Pour le premier verbatim (Annexe 10- Fichier deuxième traitement Pierre, ligne 64), le sujet agissant est le même dans la représentation du CP pour les deux éléments de l’opération de liaison de but : c’est-à-dire lui-même. Par contre, pour le deuxième verbatim (Annexe 10- Fichier deuxième traitement Pierre, ligne 168), les éléments associés sont d’une seule et même nature, à savoir, le rapport entretenu aux qualités (caractéristiques) de la situation d’accompagnement.
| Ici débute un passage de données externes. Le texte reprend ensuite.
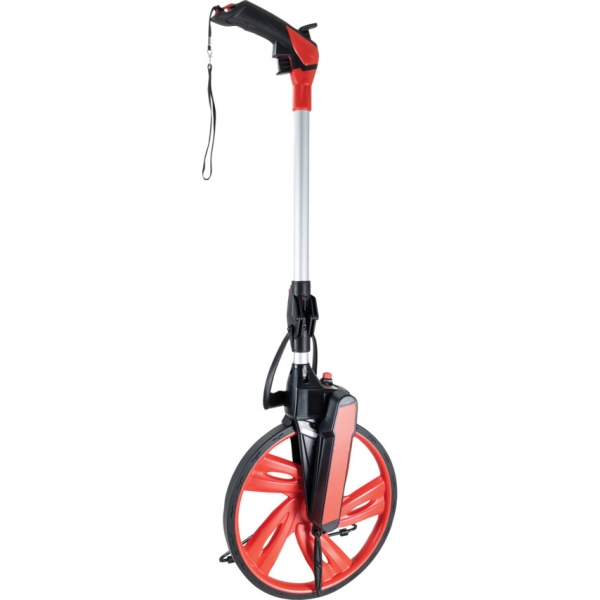 Masszív és könnyű kialakítás ütésálló kerékkel, szabadalmazott fogaskerekes átviteli szerkezettel és időjárásálló házzal. A behajtható alumíniumnyél automatikusan bekattan a kinyitott helyzetbe. Öt számjegyű számláló. 2 db visszaállító gomb. Rugós kitámasztó. Pontos hely jelölése. Markolattal működtetett fék. Hordtáskával.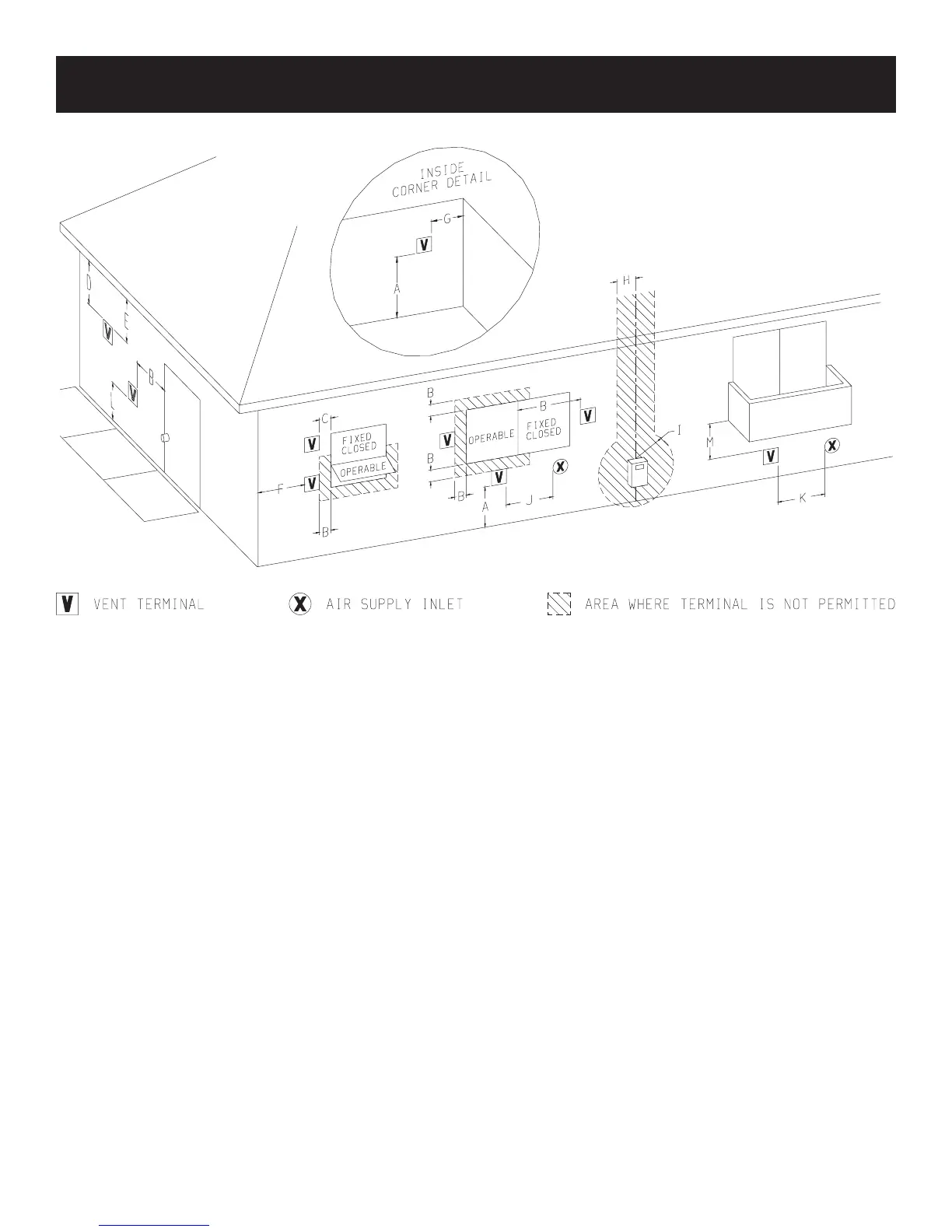J = Clearance to non-mechanical air supply inlet to building
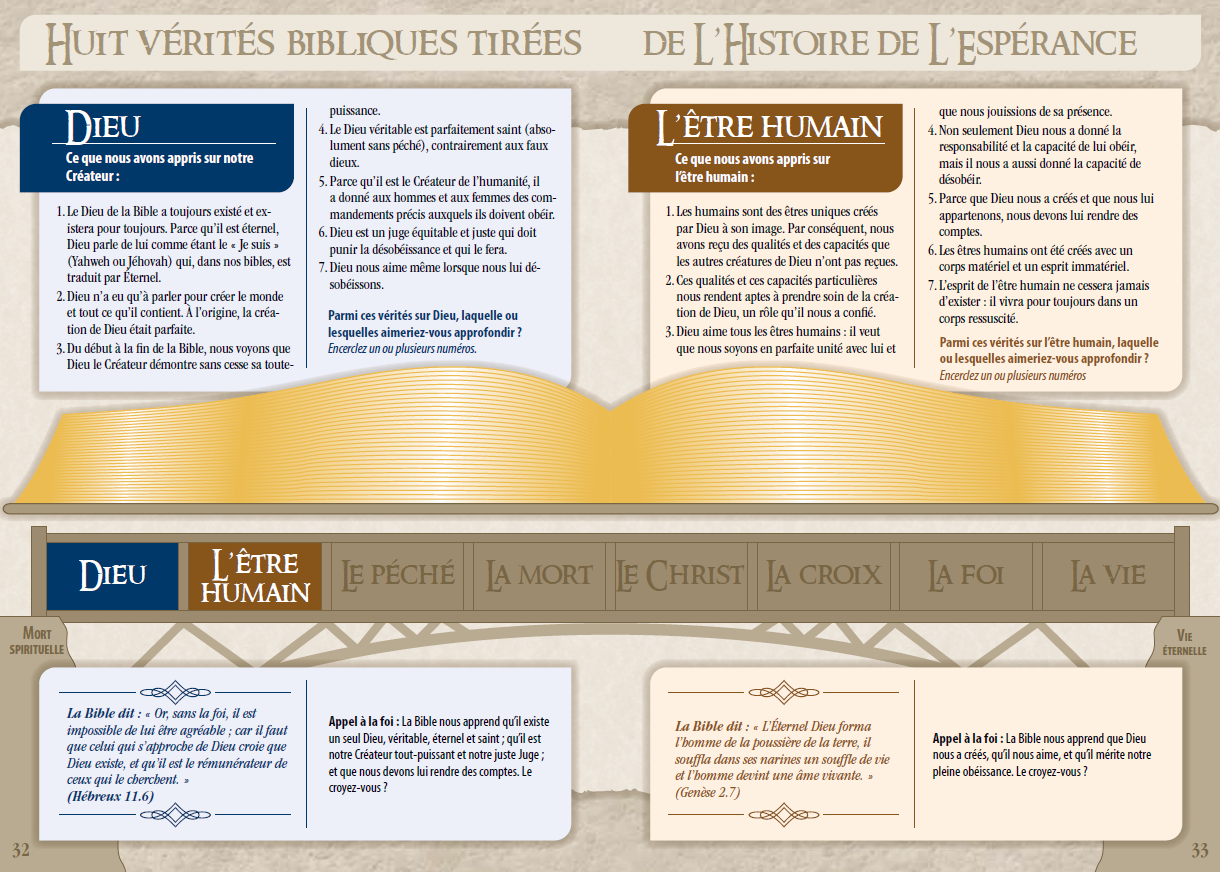 Le message de l’espérance est une étude biblique chronologique à visées évangéliques relatant 40 événements axés sur la rédemption (20 tirés de l’Ancien Testament et 20 du Nouveau Testament), tous choisis stratégiquement pour rejoindre les musulmans dans leur vision du monde et leur culture. Adaptée de L’histoire de l’espérance, elle présente la même flexibilité de conception pour enseigner le plan rédempteur de Dieu. Cette ressource, qui se veut modulable selon le temps disponible, permet de condenser la grande histoire biblique de la rédemption en quinze minutes à peine, ou encore de l’exposer en plus de vingt heures.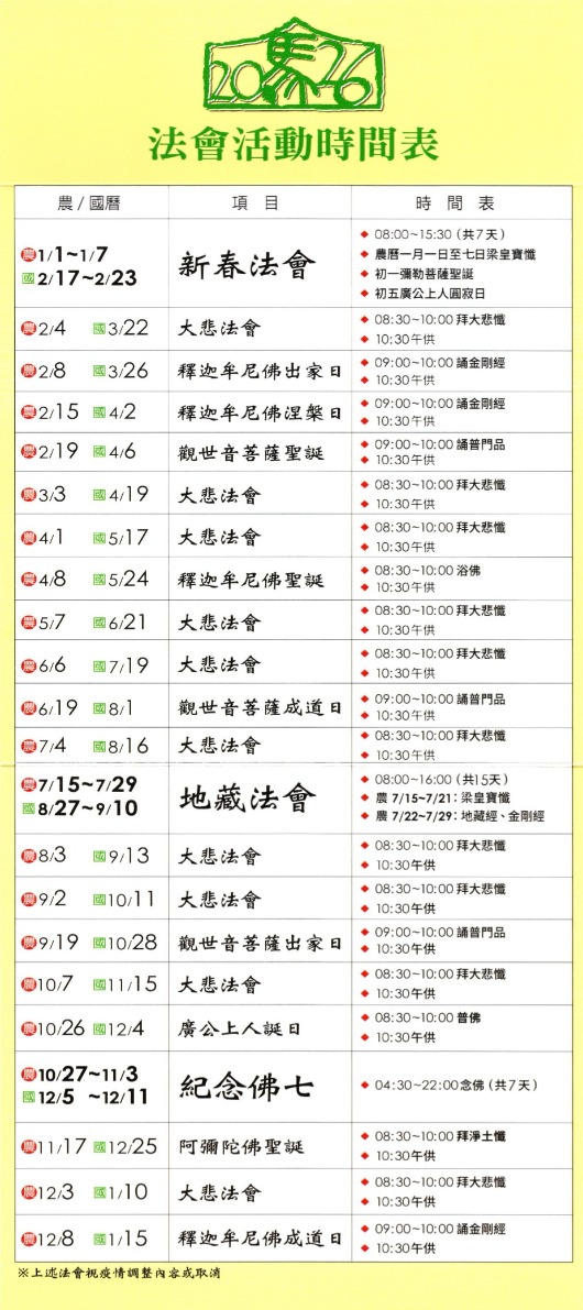 2026年法會活動時間表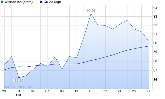 Mit dem Rücksetzer auf 89,70 EUR hat die Walmart-Aktie am 27.10.2025 die 20-Tage-Linie nach unten gekreuzt.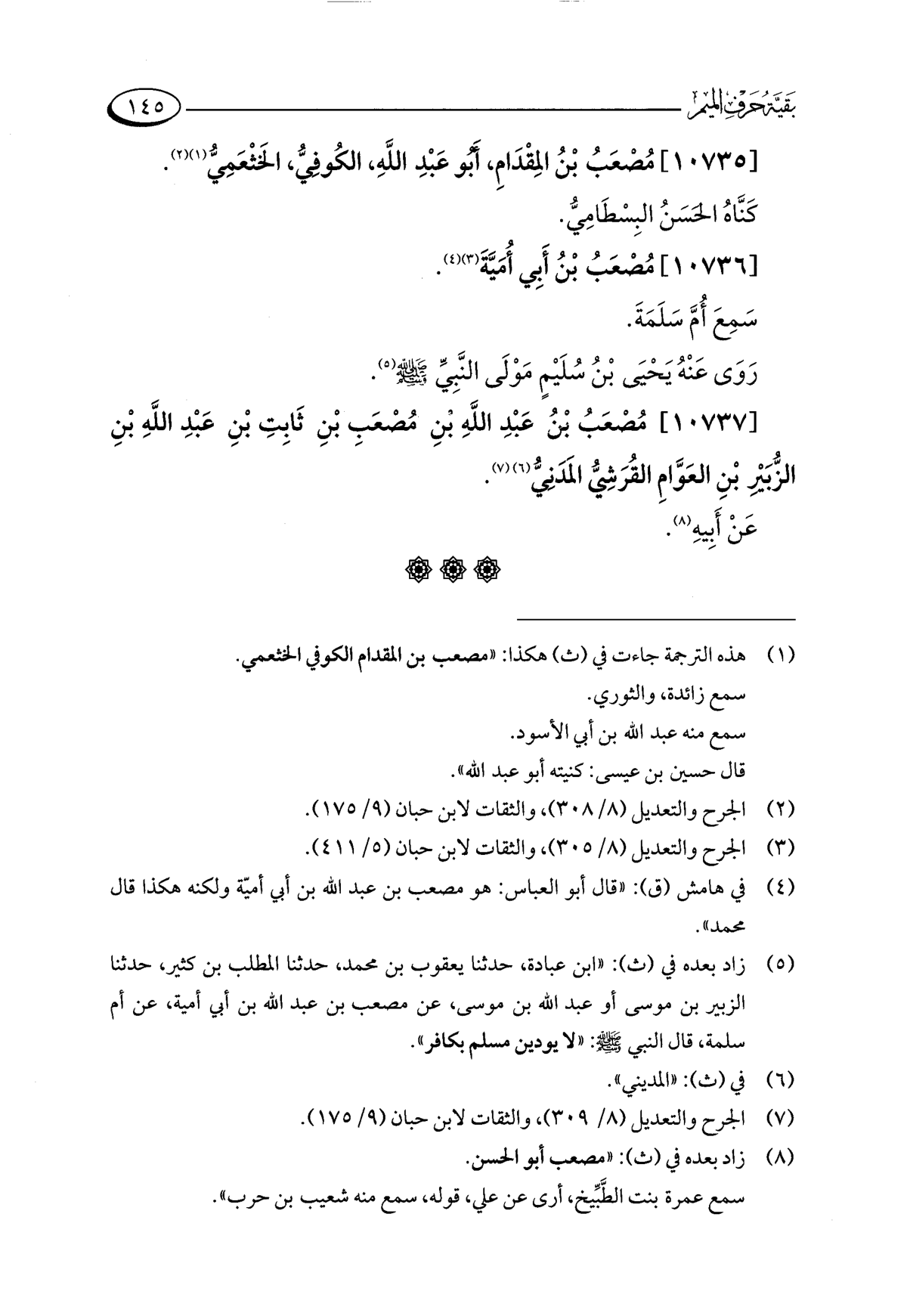 (¬١) هذه الترجمة جاءت في (ث) هكذا: "مصعب بن المقدام الكوفي الخثعمي.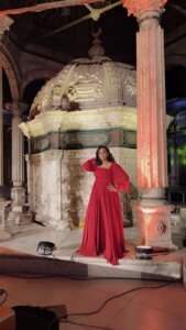 وأحدث تصميمات آمال شوكت تصميم جديد قدمته الفنانة القديرة صفاء جلال، فستان راقي من القماش الشيفون لون viva magenta تريند 2023/2024 مع اكسسوارات بسيطة، ذات مظهر رقيق، الميك اب شيماء عرابى، مستوحى من الزهور، كم طويل ، مع و سكيرت واسع لـ إحساس اكثر بالراحة والحرية مع Square neck مناسب لشكل الجسم، والفستان عبارة عن كسرات متداخلة تشبه الخطوط الموجودة على ورق الشجر لإظهار الجسم أكثر نحافة ، واختارت آمال شوكت الاكسسوارات تتماشى مع ديزاين، الميك اب والشعر، كانوا مناسبين التصميم الذي أعطى للفنانه صفاء جلال احساس الحرية و الانطلاقه.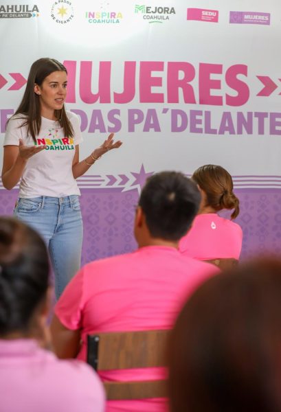 Paola Rodríguez López, presidenta honoraria de Inspira Coahuila, recordó que siguiendo las instrucciones del gobernador Manolo Jiménez Salinas y como parte de los objetivos principales del programa «Mujeres echadas pa’delante», se lleva hasta los Centros penitenciarios estos beneficios.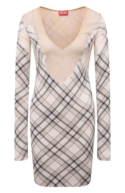 Клетчатое мини-платье M-Euripide сшили из эластичного ребристого трикотажа на основе хлопка. Готовую модель обработали в технике деворе, создав прозрачные участки с неровными краями вокруг декольте, на спинке и в области пройм.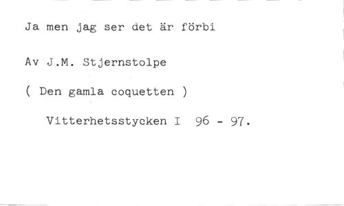 Ja men jag ser det är förbi //// Av J.M. Stjernstolpe //// ( Den gamla coquetten ) Vitterhetsstycken 1 96 - 97.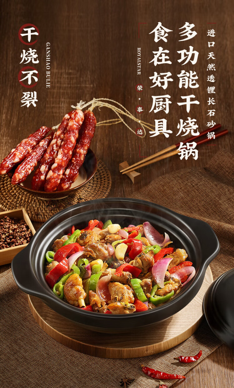 Royalstar claypot rice casserole ceramic soup stew pot high temperature resistant dry burning non-cracking gas stew pot special wide mouth 2.1L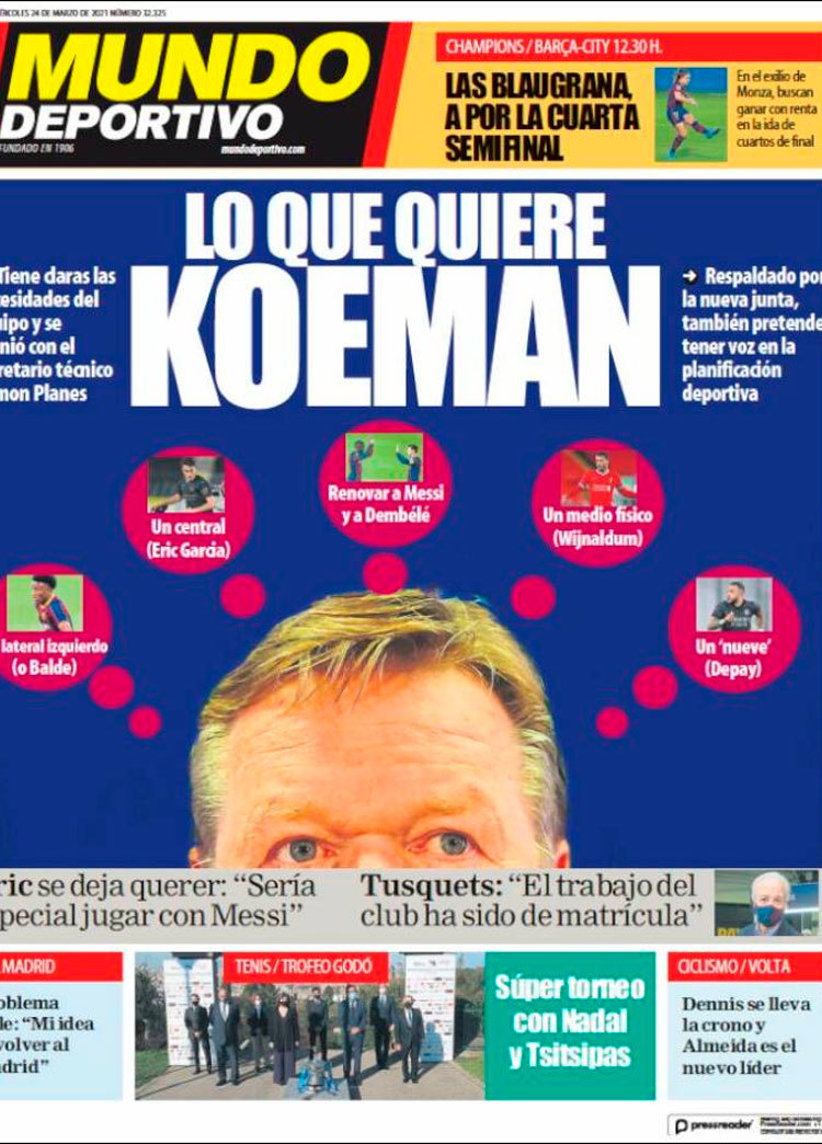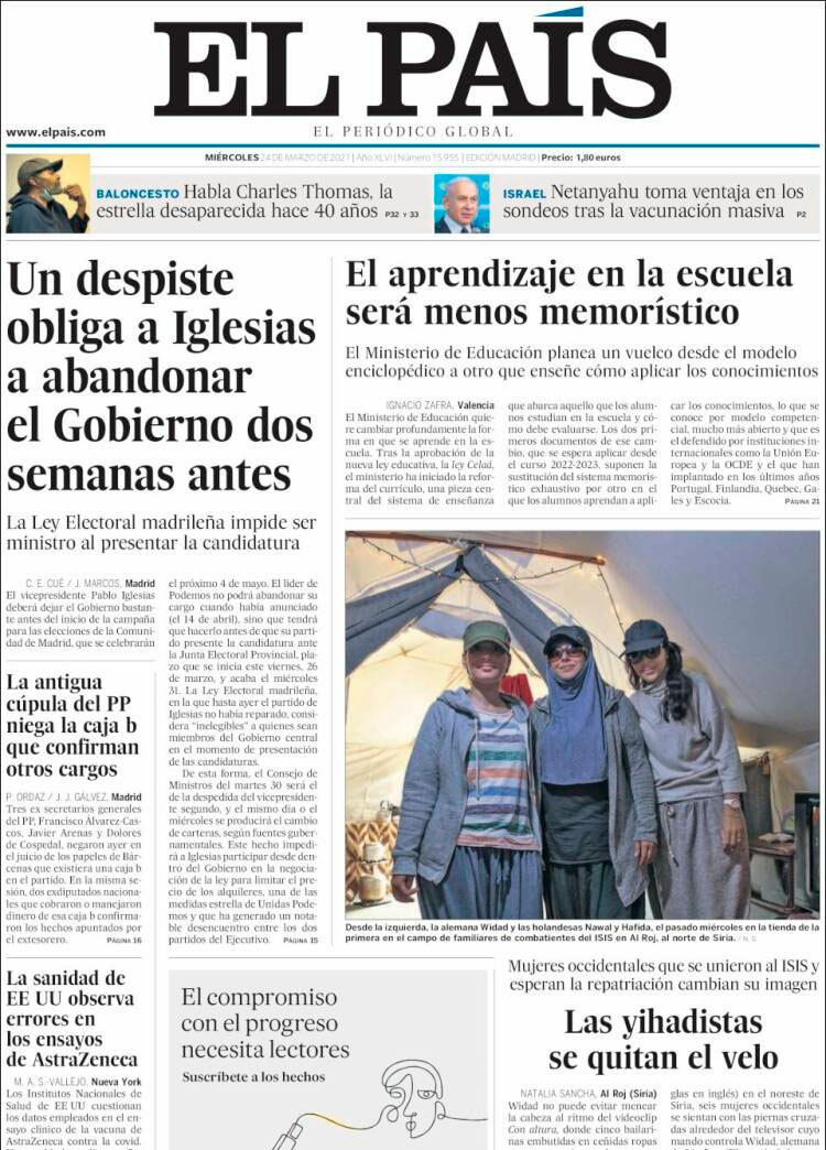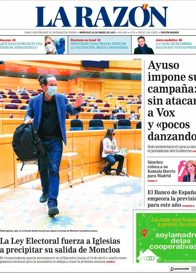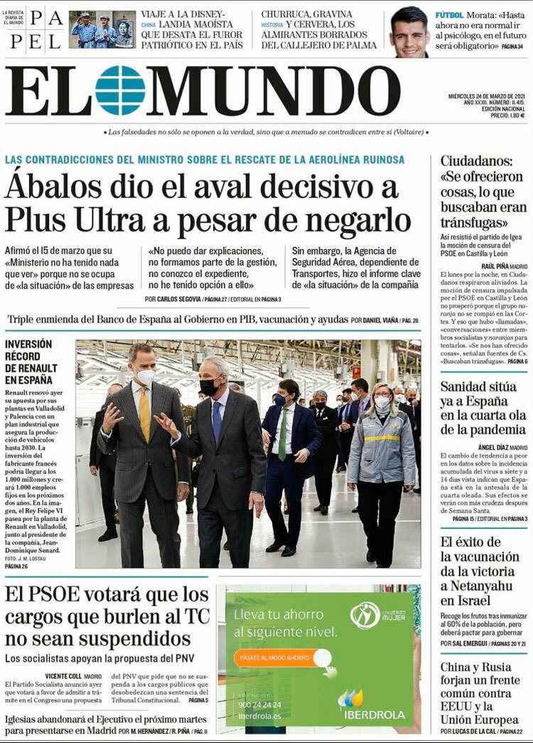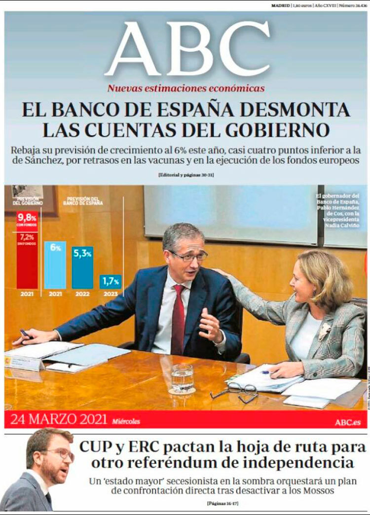 Principales portadas de hoy 24 de Marzo de 2021

Pour le premier élément composant la liaison le sujet agissant dans les représentations du CP est l’accompagné, alors que, pour le deuxième composant de la liaison, le sujet agissant, toujours selon les représentations du CP, c’est lui-même. La comparaison est opérée par le conseiller pédagogique entre sa représentation de sa perception du rapport qu’entretient l’accompagné avec les qualités de la situation d’accompagnement et sa représentation de son propre rapport aux qualités de la situation d’accompagnement.

De même que pour les « natures de liaisons » et les « objets de liaison », nous souhaitions étudier les fréquences d’apparition des sujets agissants, c’est-à-dire des sujets « auteurs de représentations sur les objets mis en lien » dans les représentations du conseiller pédagogique. Dès lors, nous formulions les mêmes questions de recherche que celles formulées pour les « natures de liaisons », en remplaçant « natures de liaison » par « sujets agissant ».